The discussion about renaming the bases is occurring at the same time as a lot of other arguments that are . . . well, pretty nonsensical: The children’s cartoon Paw Patrol is somehow an enabling force for police violence. Self-described anti-fascists defacing a statute of Winston Churchill. (“Wait until they learn about the guys he fought!”) The establishment of an “autonomous zone” in Seattle, complete with a demand for the abolition of police, retrials for all of those currently serving sentences, and “the abolition of imprisonment, generally speaking.”

 

It is difficult for an idea worth considering to stand out amongst the noise of nonsense; it’s like trying to find Waldo, or the one person wearing a face mask in President Trump’s entourage. (Hint: It’s Ivanka.)

 

There are probably quite a few Americans outraged by the sights of statues of Christopher Columbus or other figures from history being beheaded or pulled down, or the defacing of statutes of abolitionists in the name of racial equality. Whatever you think of Christopher Columbus or any other historical figure, we have a legal and democratic process to remove statues from public squares when a sufficient portion of the public deems them no longer acceptable. These communities have zoning boards and local elected officials who can make those choices and be held accountable to the public through elections. Nobody elected those angry mobs to a damn thing. This is rule by force, the strongest forcing their will upon those who are weaker than them. This will not end well for anyone.

 

There will be a backlash to these actions, but not in the form of the “white people’s riot” that In Living Color imagined.

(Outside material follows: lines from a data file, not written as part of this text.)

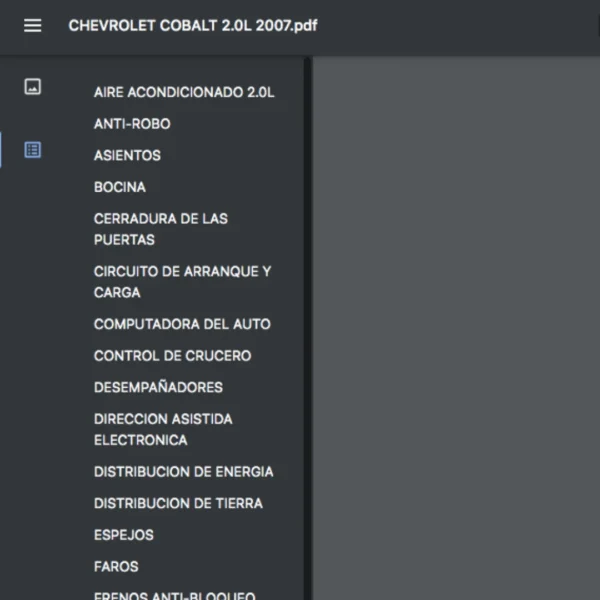 Si estas buscando un manual eléctrico de la marca Chevrolet modelo Cobalt de 2.0L año 2007, este es el diagrama automotriz que necesitas.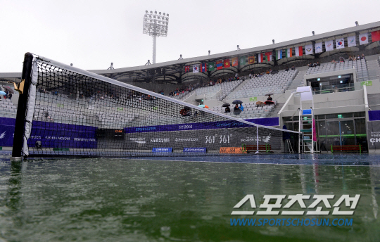 29일 인천 열우물테니스경기장에서 2014인천아시아경기대회 남자 테니스 복식 결승전 한국과 인도의 경기가 펼쳐질 예정이다. 하지만, 많은 비로 인해 경기가 지연되고 있다.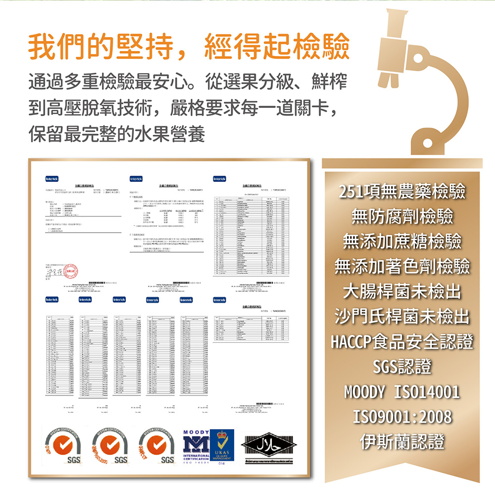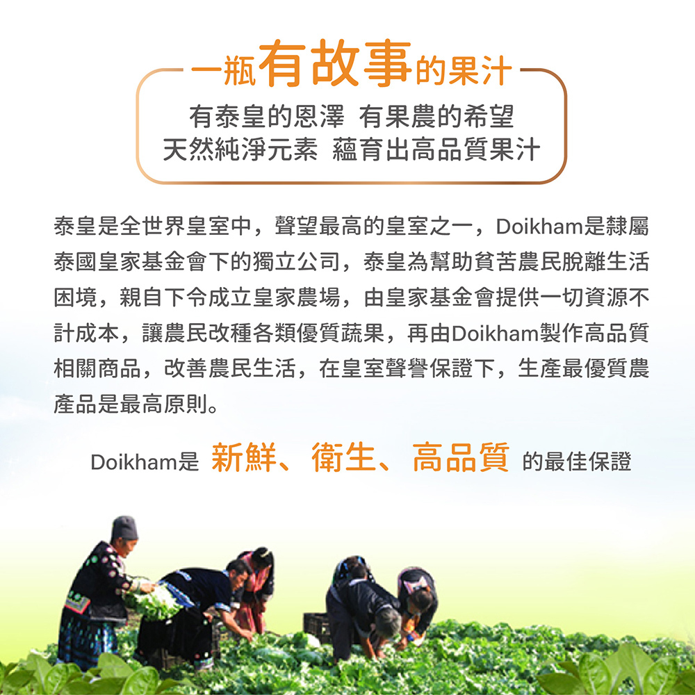 皇家農場鮮果汁,採用新鮮水果鮮榨原汁,完整保留新鮮水果的營養,非濃縮還原,不含防腐劑,無農藥,無添加物,無人造色素,具六大食品安全認證,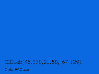 CIELab 46.378,21.58,-67.129 Color is a normal blue color and the nearest color is True Blue #0073cf. Hex code #0a69e0 and RGB value is rgb(10,105,224). In RGB color space, this color is composed of 4% red, 41% green, 88% blue, In CMYK color space, this color is composed of 96% cyan, 53% magenta, 0% yellow , 12% black , In HSL color space, this color has a hue angle of 213° , 91% saturation and 46% lightness.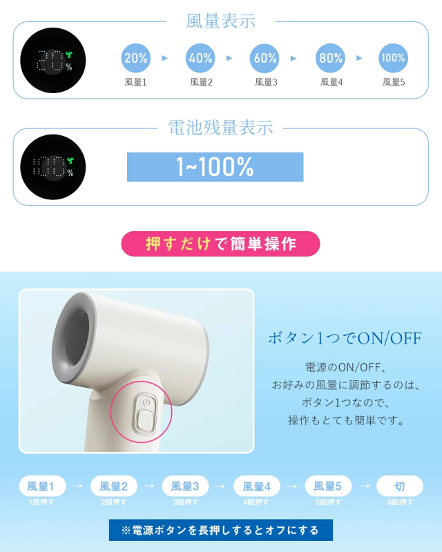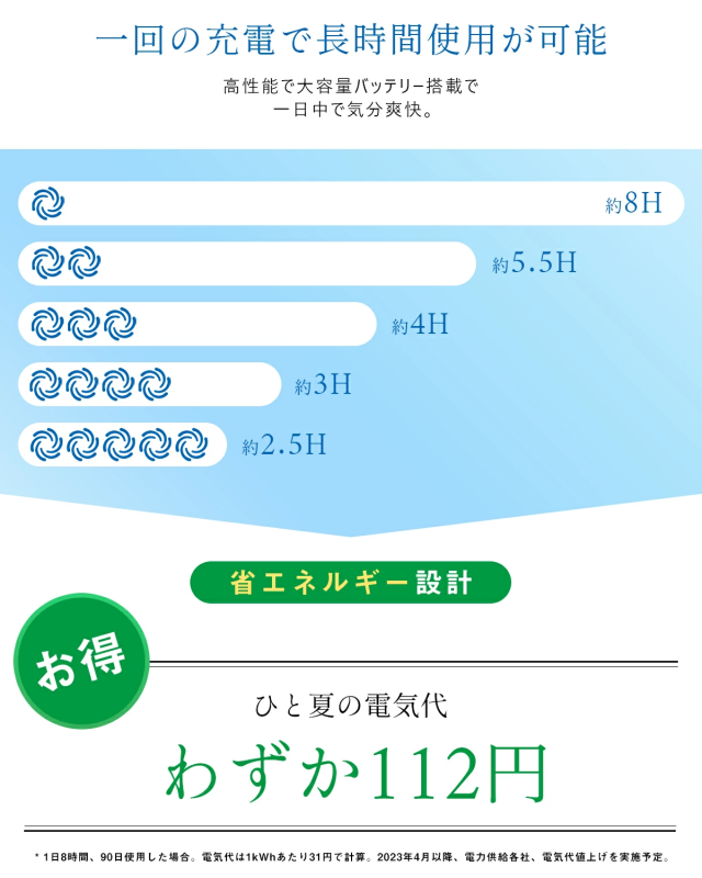 ・最大約8時間連続使用可能(送風モードで風量1の場合)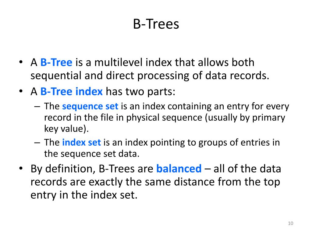 B-Trees • A B-Tree is a multilevel index that allows both sequential and direct processing of data records. • A B-Tree index has two parts: • The sequence set is an index containing an entry for every record in the file in physical sequence (usually by primary key value). • The index set is an index pointing to groups of entries in the sequence set data. • By definition, B-Trees are balanced – all of the data records are exactly the same distance from the top entry in the index set.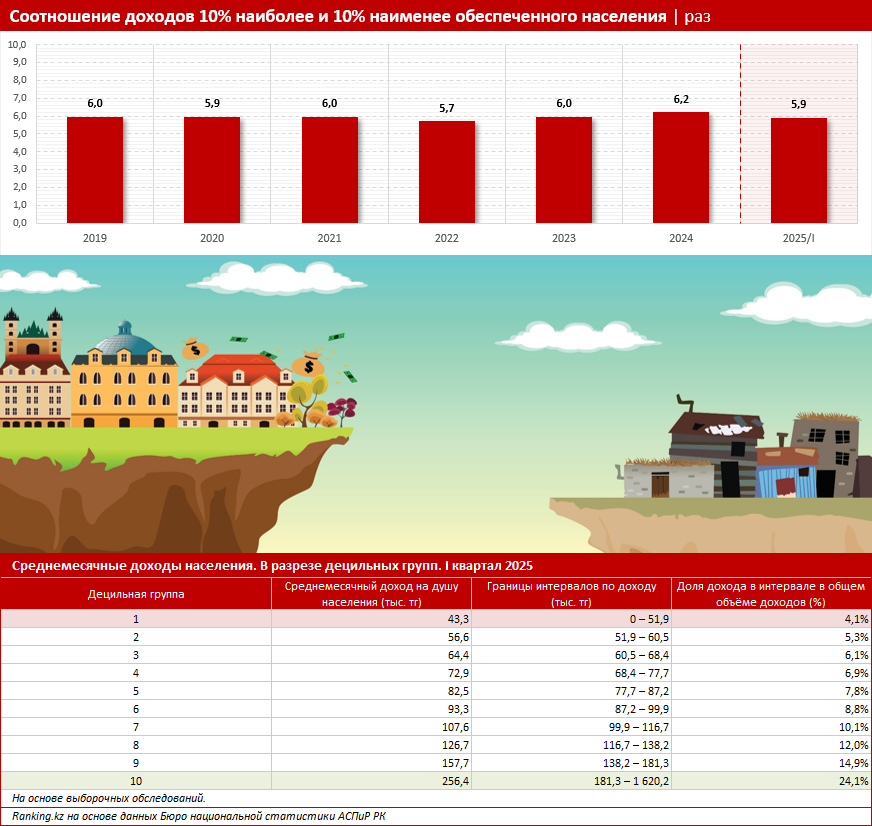 В течение последних нескольких лет в РК не меняется в лучшую сторону ситуация с экономическим неравенством в обществе. Об этом свидетельствует статистический показатель – соотношение доходов 10% наименее обеспеченного и 10% наиболее обеспеченного населения. С 2019 по 2023 год доходы этих двух групп населения отличались в 5,9–6 раз, а в прошлом году – в рекордные 6,2 раза, передает kazlenta.kz со ссылкой на ranking.kz.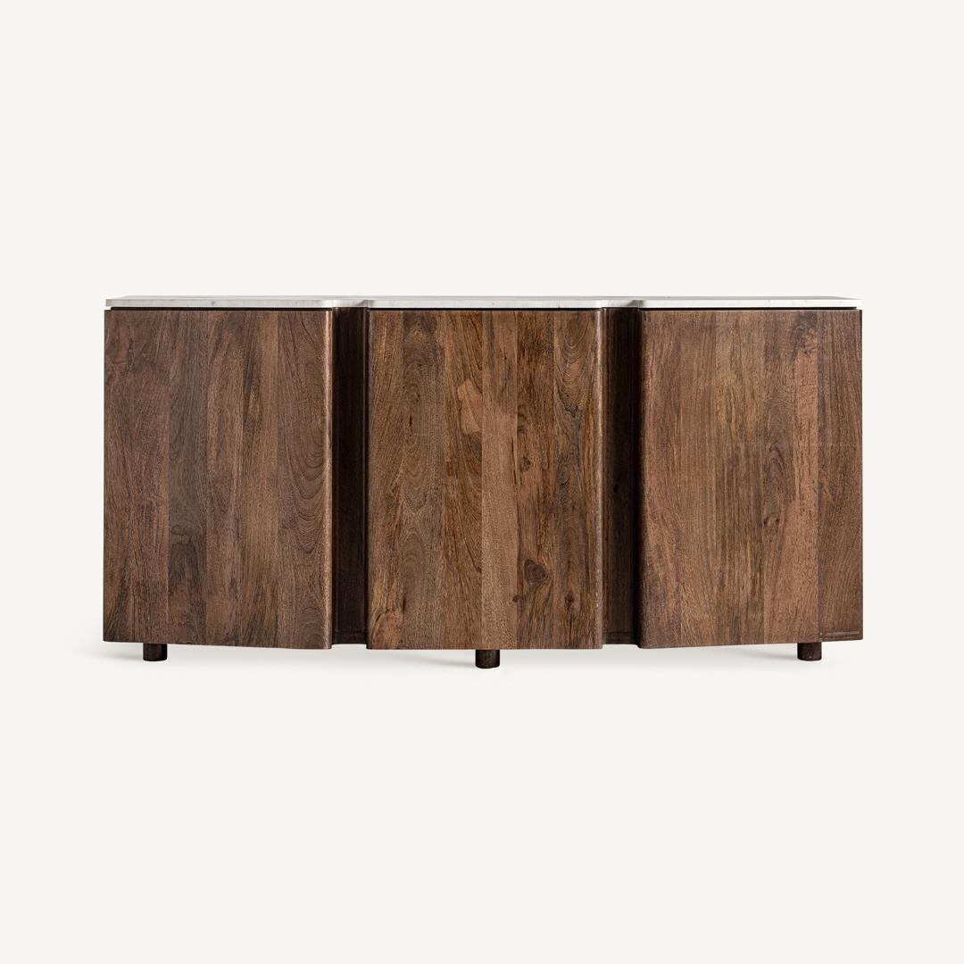 Подчёркивая прочность и красоту мангового дерева, буфет Konz от VICAL Home – образец мастерства и дизайна. Его массивные дверцы тёмно-коричневого оттенка создают ощущение прочности, а мрамор добавляет изысканности. Если вы ищете изделие, которое обеспечит вместительность, долговечность и потрясающую эстетику, буфет Konz с массивными дверцами – идеальный выбор для любого пространства. Ширина: 160 см, Глубина: 45 см, Высота: 75 см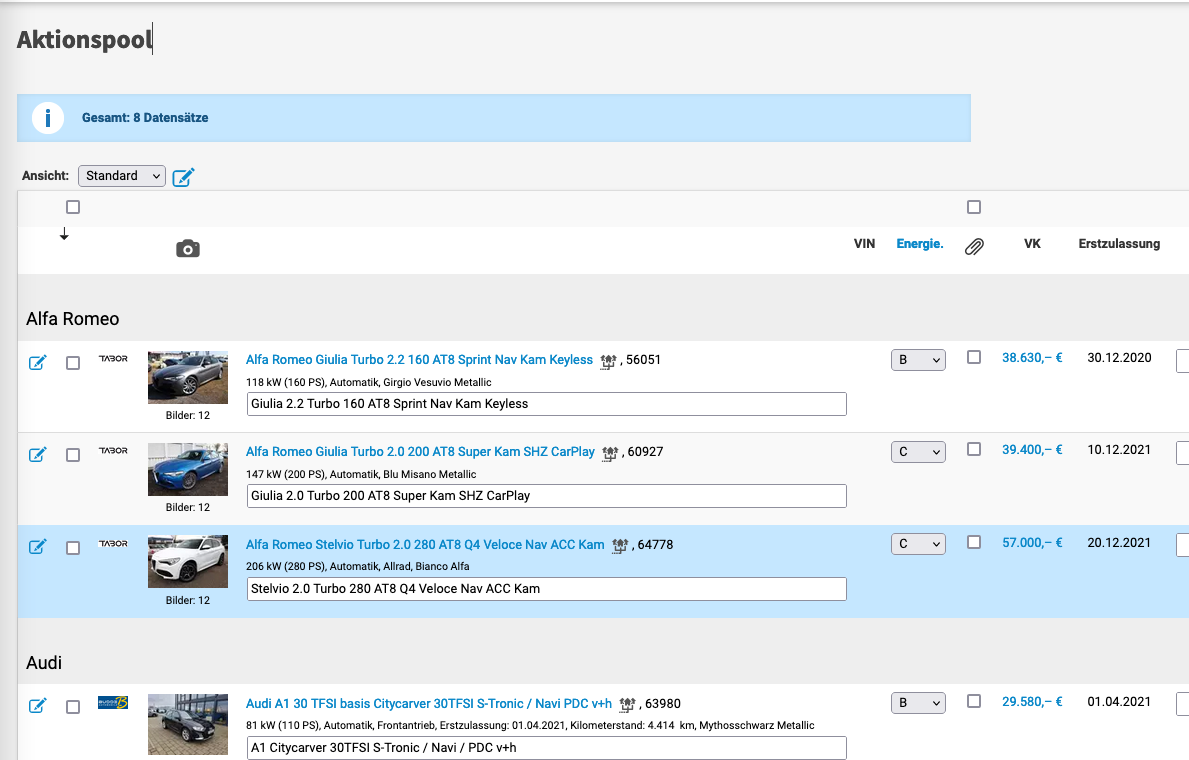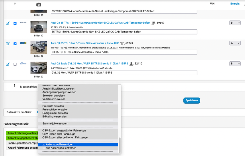 Anschließend werden Ihnen die hinzugefügten Fahrzeuge im Aktionspool angezeigt: Sie erreichen den Aktionspool über "Fahrzeuge / Bestand / Aktionspool:

That backlash may come at the ballot box, or it may come in some other indirect form. Some people aren’t interested in direct confrontation in the streets. They may simply prefer to express their opposition in a way that these protesters expect it least — businesses moving out, reluctance to hire, reluctance to visit a neighborhood, effectively abandoning a community. Not every wall that is built is physical and visible. But one way or another, the reaction is coming.